Dr. Carl-Johan Dalsgaard, a member of our Board of Directors, has been a member of HealthCap since June 2000. Dr. Dalsgaard may be deemed to have indirect beneficial ownership of the shares held by HealthCap. Dr. Dalsgaard disclaims beneficial ownership of shares held by HealthCap except to the extent of any pecuniary interest therein.
Terms of the Private Placement
On March 1, 2011, we entered into a securities purchase agreement with certain investors, including HealthCap, pursuant to which we agreed to sell (a) 11,079,250 shares of common stock and (b) warrants to purchase 10,460,875 shares of common stock.

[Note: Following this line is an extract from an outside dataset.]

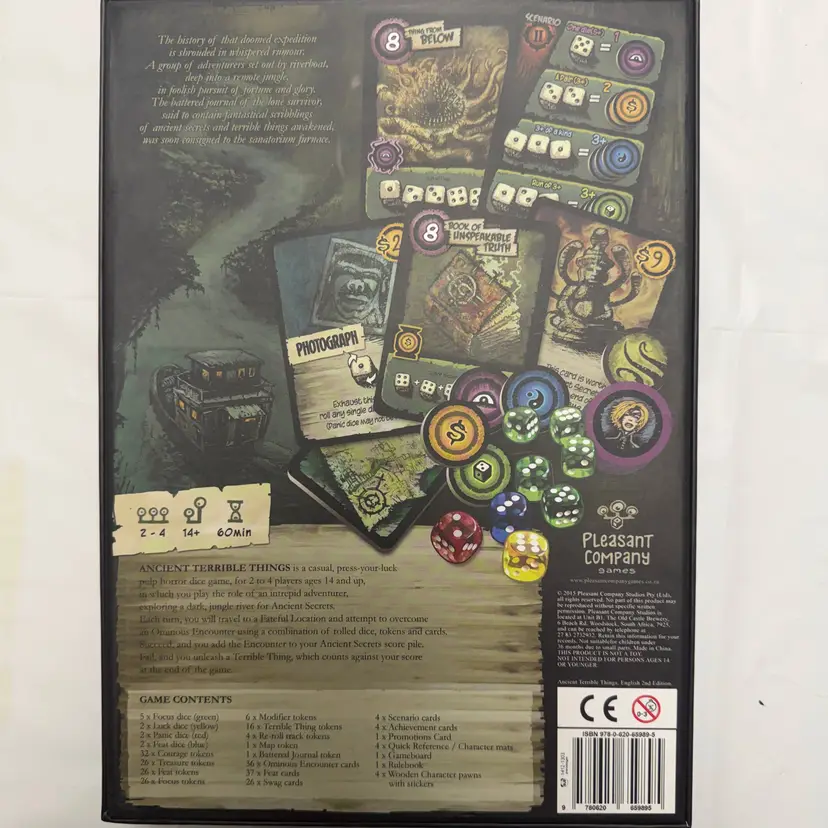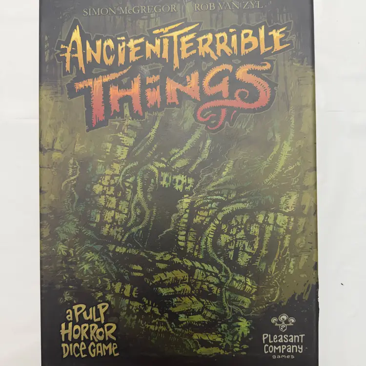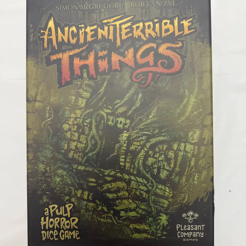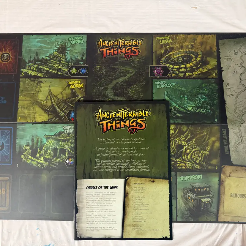 In Ancient Terrible Things, a pulp horror adventure game for 2-4 players, you play the role of an intrepid adventurer, exploring a dark jungle river. Each turn you must travel to a Fateful Location, face an Ominous Encounter, and attempt to unlock its Ancient Secrets. If you succeed (using a combination of dice, tokens and cards), you add the Secrets to your score; if you fail, you unleash a Terrible Thing, which counts against your score at the end of the game. The object of the game is to be the player with the most Ancient Secrets when the game ends at the Unspeakable Event.
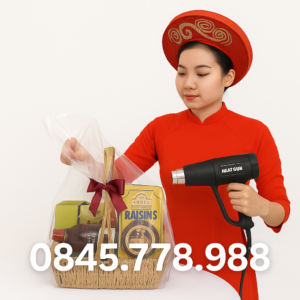 Cách gói giỏ quà Tết đẹp với màng co và máy khò nhiệt – Đơn giản trong 3 phút

The purchase price per share of common stock and warrant was $2.83. The transaction closed on March 4, 2011 and we received approximately $29.0 million in net proceeds.
The warrants are exercisable for a period of five years from the date of their issuance at a per share exercise price of $2.88, subject to certain adjustments as specified in the warrants.
We also entered into a Registration Rights Agreement with the investors. The Registration Rights Agreement provides that we will file a “resale” registration statement (the “Initial Registration Statement”) covering all of the shares of common stock and the shares of common stock issuable upon the exercise of the warrants, up to the maximum number of shares able to be registered pursuant to applicable SEC regulations, within 45 days of the closing of the offering. We filed this Registration Statement on April 18, 2011, which registration statement was declared effective by the SEC on May 16, 2011. Under the terms of the Registration Rights Agreement, we are obligated to maintain the effectiveness of the registration statement(s) until all securities therein are sold or otherwise can be sold pursuant to Rule 144 without any restrictions. The Registration Rights Agreement contains customary terms and conditions for a transaction of this type, including certain customary cash penalties for our failure to satisfy specified filing and effectiveness time periods.
THIS SUMMARY OF THE TERMS OF THE PRIVATE PLACEMENT IS INTENDED TO PROVIDE YOU WITH BASIC INFORMATION CONCERNING THE PRIVATE PLACEMENT; HOWEVER, IT IS NOT INTENDED AS A SUBSTITUTE FOR REVIEWING THE SECURITIES PURCHASE AGREEMENT, THE FORM OF WARRANT AND THE FORM OF REGISTRATION RIGHTS AGREEMENT IN THEIR ENTIRETY, WHICH WE HAVE PREVIOUSLY FIELD WITH THE SEC. YOU SHOULD READ THIS SUMMARY TOGETHER WITH THESE DOCUMENTS.
Required Vote
The affirmative vote of the majority of the shares of common stock present in person or represented by proxy at the Annual Meeting and entitled to vote is needed to approve this Proposal 2.
Our board of directors recommends that stockholders vote “FOR” the removal of the exercise restriction associated with certain warrants held by affiliates of HealthCap.